In this paper, we have proposed the new brain-inspired algorithm AMPD that incorporates three functional principles observed in primate visual system, namely contrast adaptation, image structure based afferent pooling and ambiguity based lateral interaction. The AMPD is an extension of the state of the art algorithm FFV1MT [20], which is appreciated by both computer vision and biological vision communities. Contemporary computer vision methods to Heeger et al. [19], such as Lucas and Kanade and Horn and Schunck, which study local motion estimation and global constraints to solve aperture problem, have been revisited by the computer vision with great interest [6] and a lot of investigations are being carried out to regulate the information diffusion from non-ambiguous regions to ambiguous regions based on image structure. Very few attempts have been made to incorporate these ideas into spatio-temporal filter based models, and given the recent growth in neuroscience, it is very interesting to revisit this model incorporating the new findings and examining the efficacy.

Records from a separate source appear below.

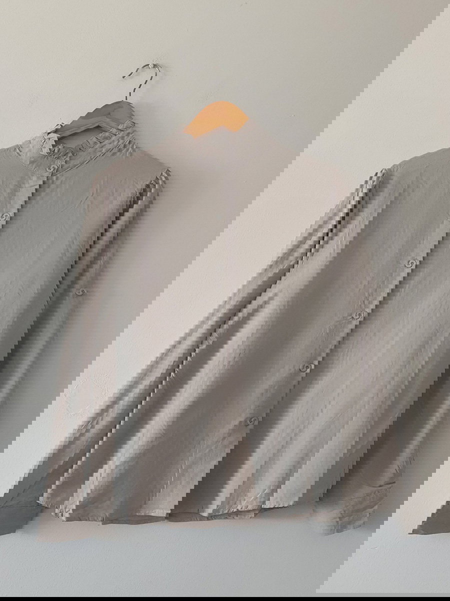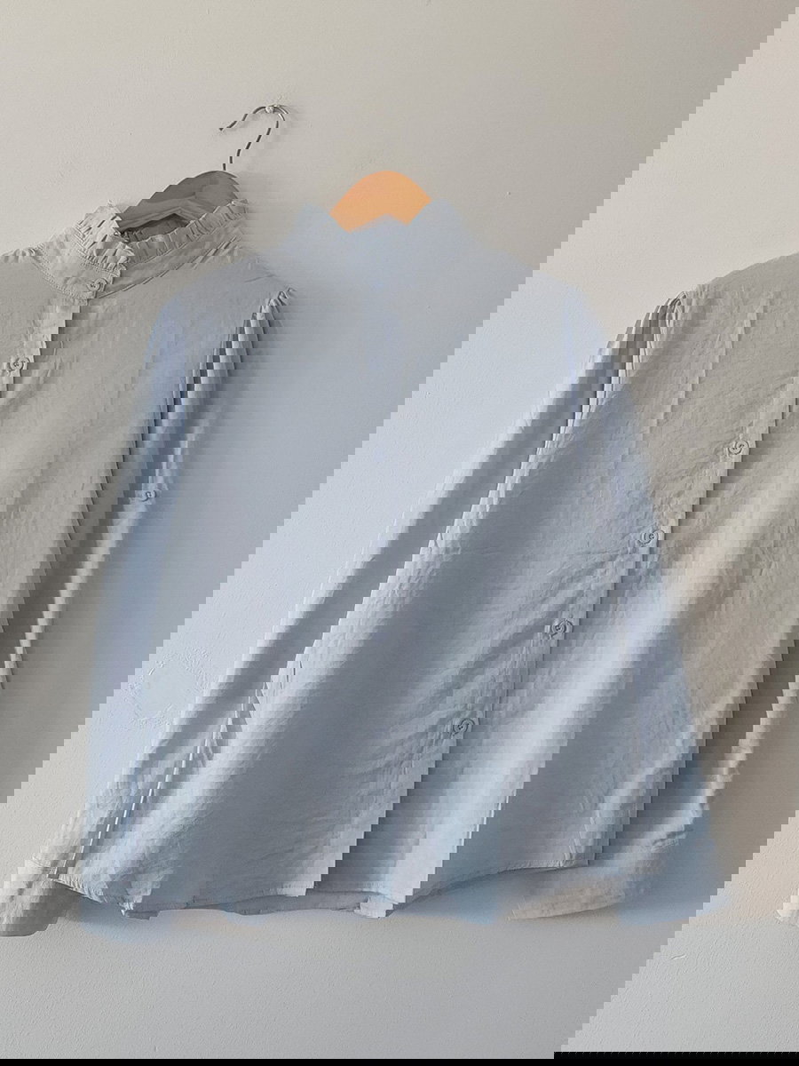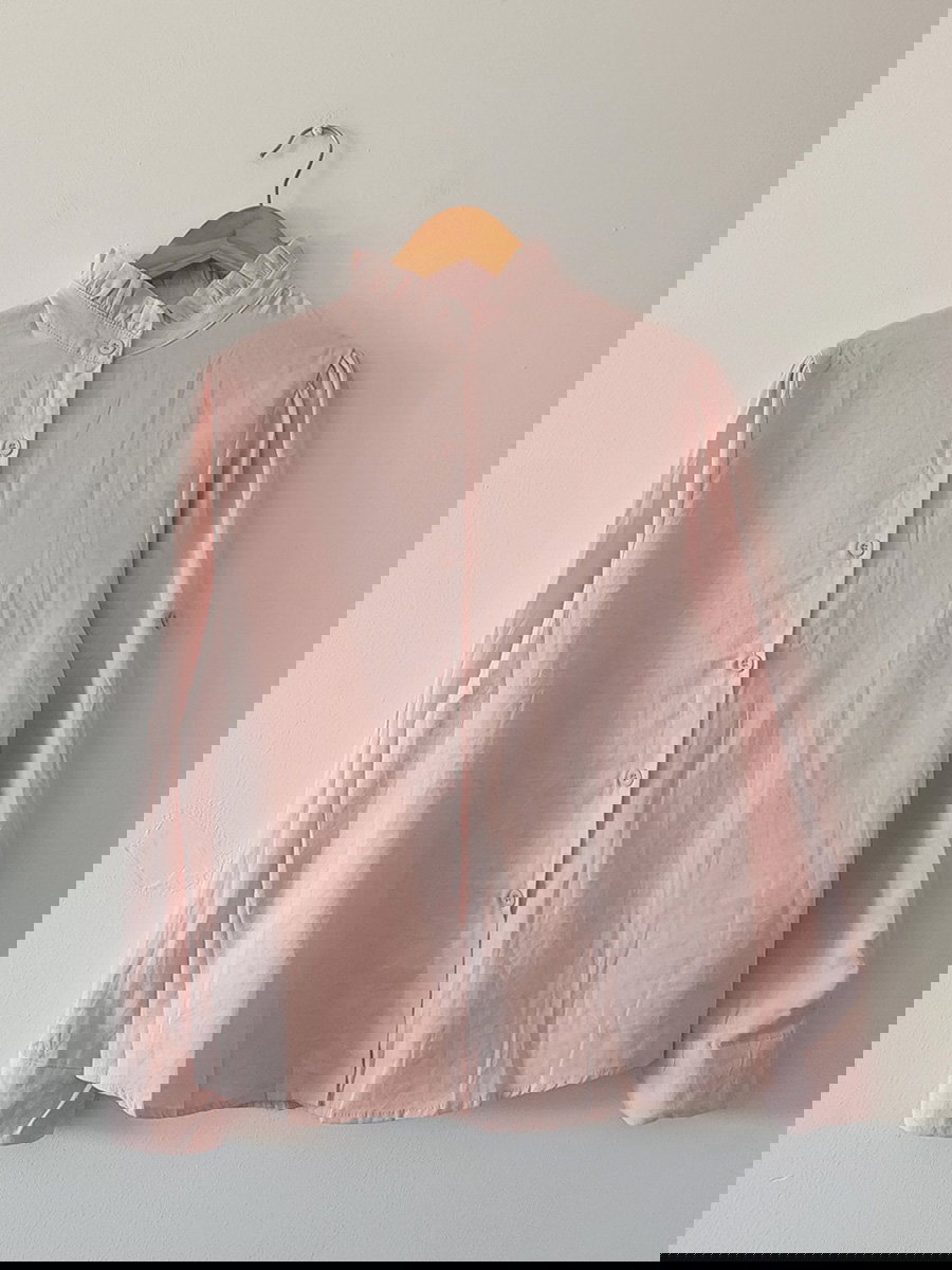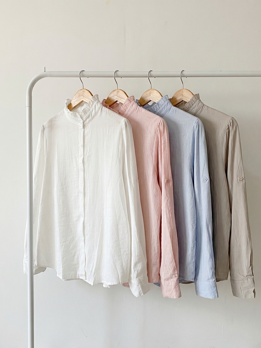 Camisa de manga larga en tela plana. Presenta cuello corto con terminación fruncida. Delantero con abertura central y botones a tono. Silueta recta con leve amplitud. Mangas largas con puños y botón.
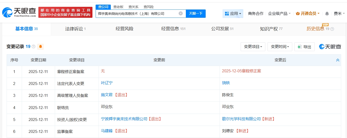 天眼查app显示,近日,舜宇奥来微纳光电信息技术(上海)有限公司发生工商变更,原股东舜宇光学旗下宁波舜宇奥来技术有限公司退出,新增歌尔光学科技有限公司为全资股东,同时,叶辽宁卸任该公司法定代表人,由饶轶接任。
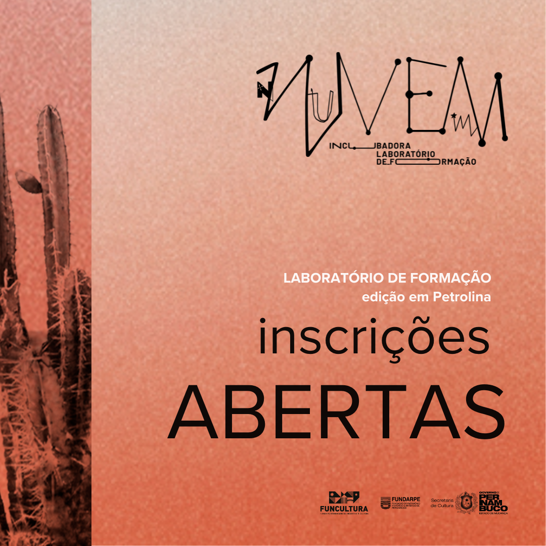 O projeto NUVEM – Incubadora e Laboratório de Formação Itinerante abre suas inscrições gratuitas para a segunda edição do LABORATÓRIO DE FORMAÇÃO, desta vez voltado para agentes culturais residentes em Petrolina, Sertão de Pernambuco. O prazo é até o dia 09 de maio!
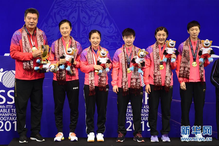 9月17日,中国队在颁奖仪式上。 当日,在印度尼西亚日惹举行的2019亚洲乒乓球锦标赛女子团体决赛中,中国队以3比0战胜日本队,夺得冠军。 新华社记者杜宇摄
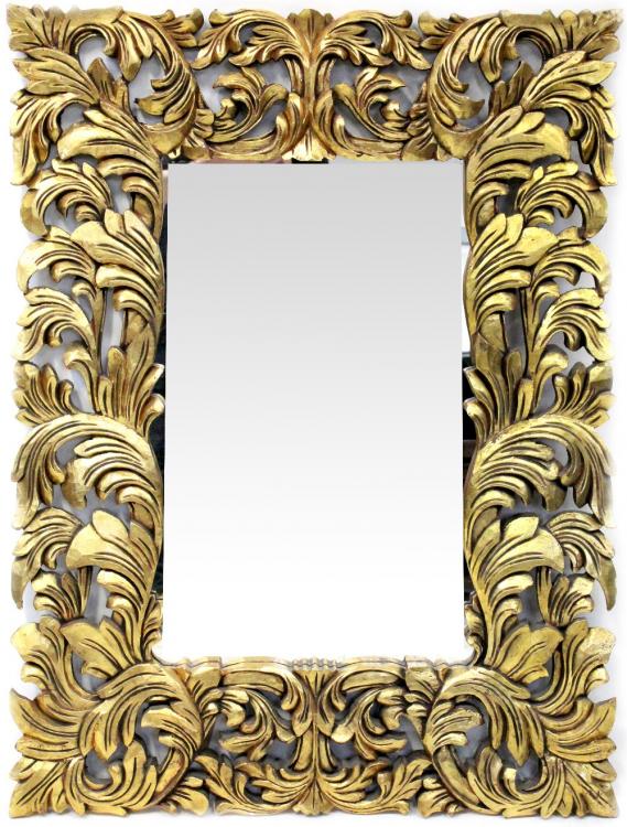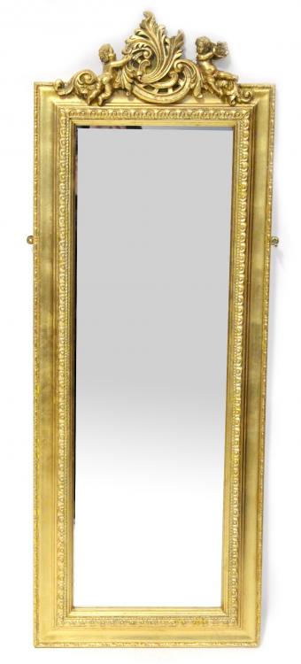 Lot 122 of 966: Two non-matching contemporary Rococo-style gilded wall mirrors, one rectangular example with deep ornate frame, 119 x 90cm, the other rectangular example with acanthus leaf and putti decoration to the top, 140 x 53cm (2).
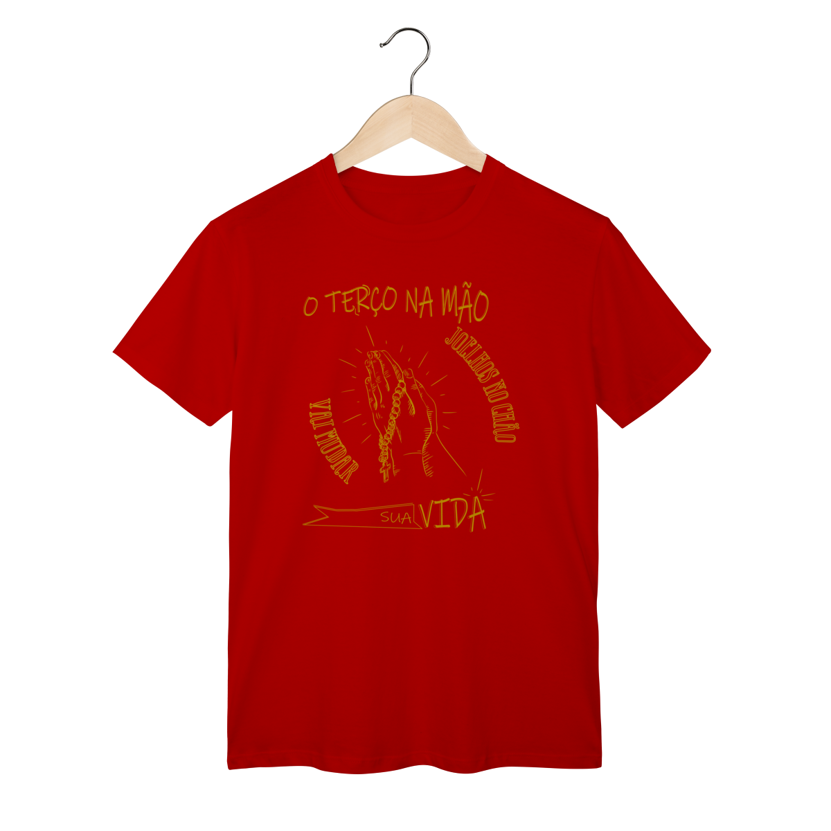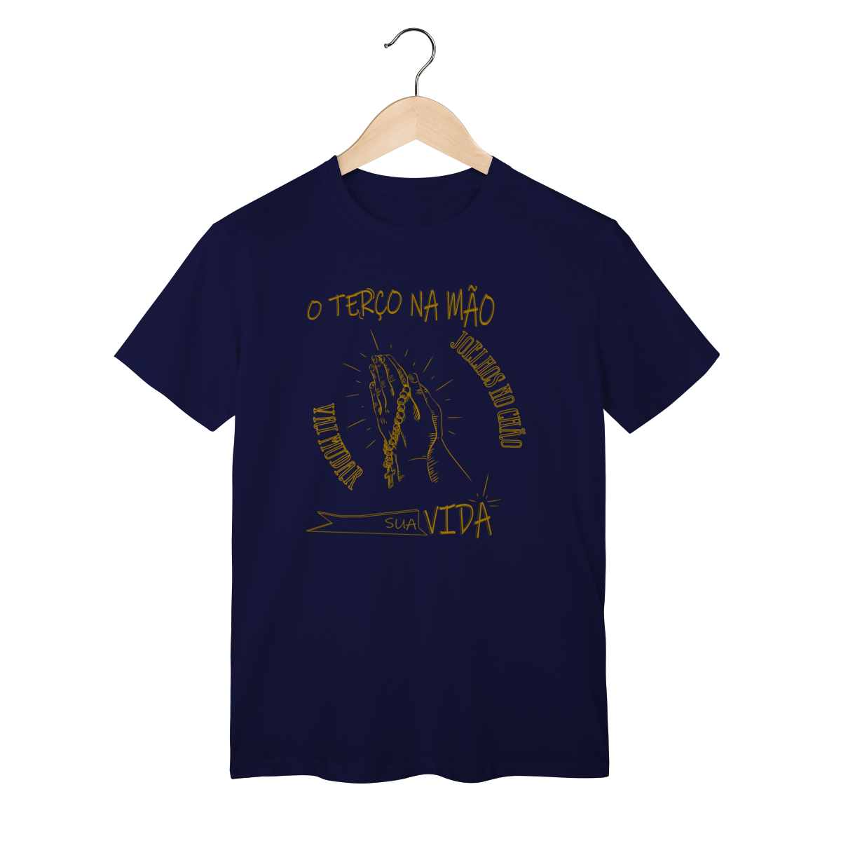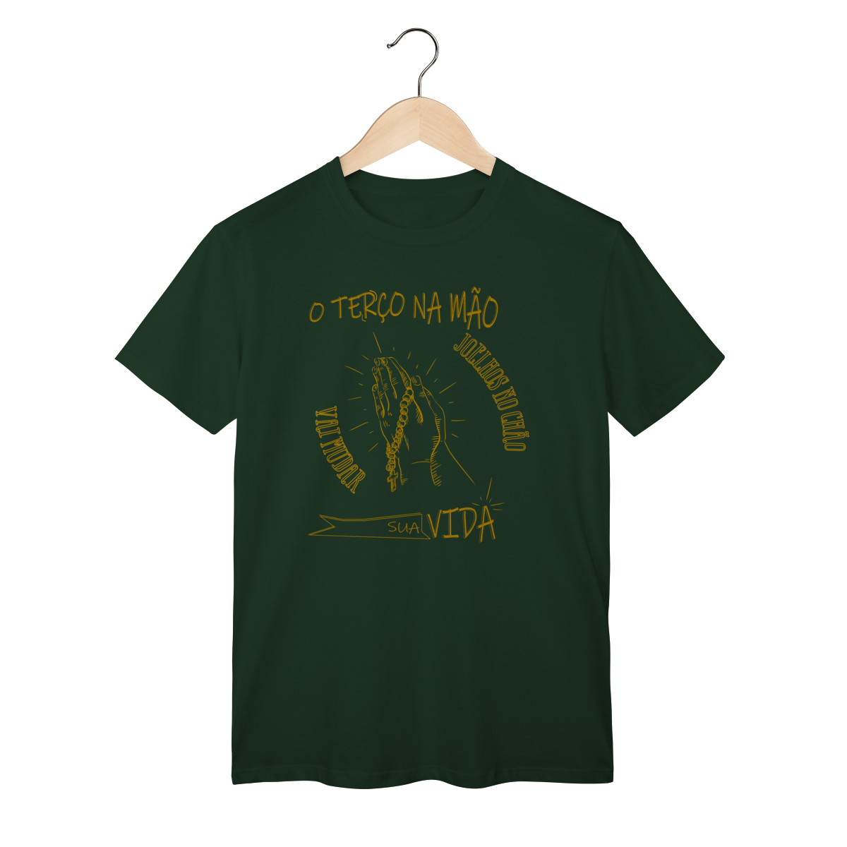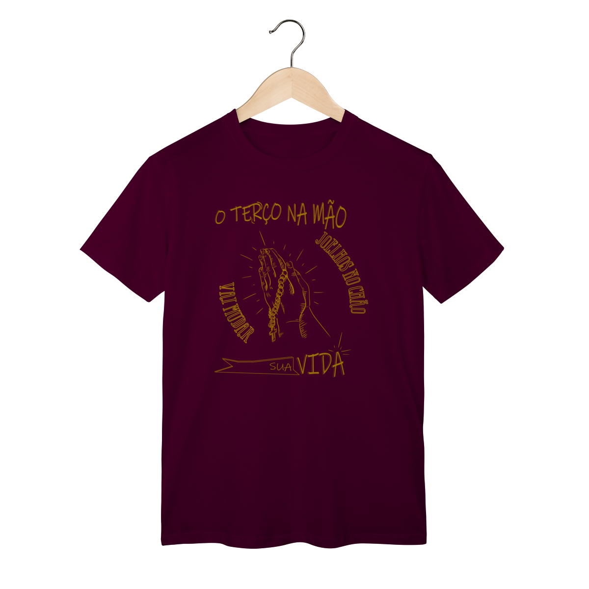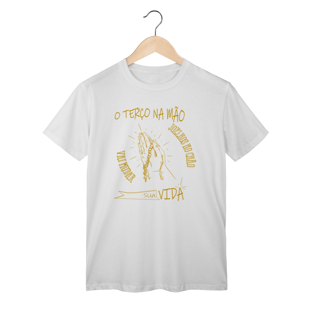 A camiseta “Terço na mão, joelhos no chão, vai mudar sua vida” é um lembrete de que os maiores milagres acontecem quando nos colocamos diante de Deus com fé e humildade.
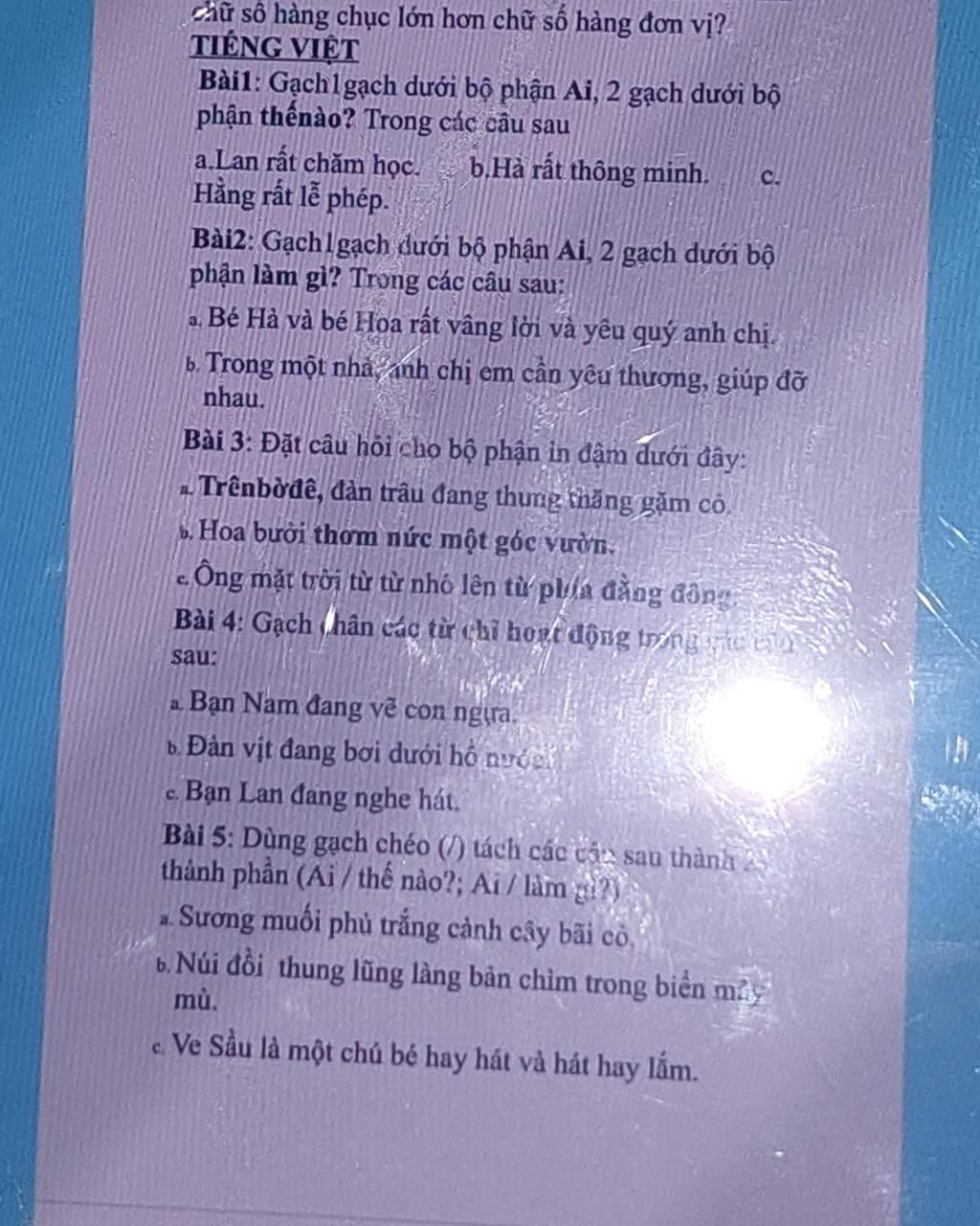 Bài `4.` Các từ chỉ hoạt động trong các câu sau gồm :
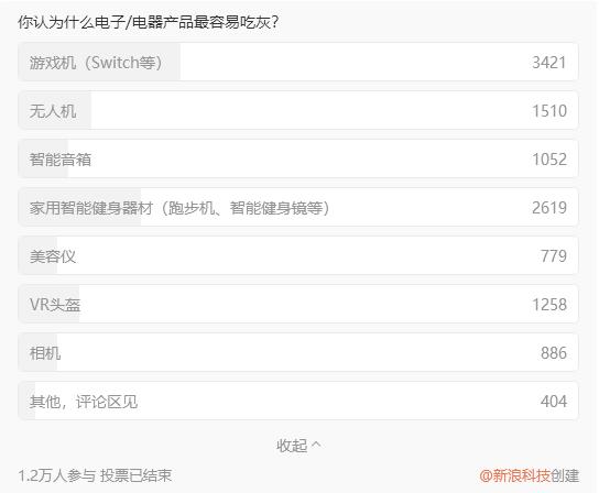 佐证之一便是VR吃灰,在新浪科技5月发起的“你认为什么电子/电器产品最容易吃灰?”的投票中,共有1.2万人参与,其中约10%的人选择了VR头盔,其余高票选项还有Switch、无人机等。

Differently from FFV1MT and Spynet [16], which only rely on scale space for diffusion of non-local cues, our AMPD model provides a clue on the potential role played by the recurrent interactions in solving the blank wall problem by non local cue propagation. It is also worth noting that bilateral filtering based techniques are gaining popularity in semantic segmentation using convolutional neural networks. Here, we show how neural modulation based on local context amounts to such bilateral filtering and a promising direction to explore even for dense optical flow.

The AMPD improves the flow estimation compared to FFV1MT and it has opened up several interesting sub problems, which could be of relevance to biologists as well, for example to investigate what could be afferent pooling strategy of MT when there are multiple surfaces or occlusion boundaries within the MT RFs, or if we could recover a better dense optical flow map by considering decoding problem as a deblurring problem due the spatial support of the filters.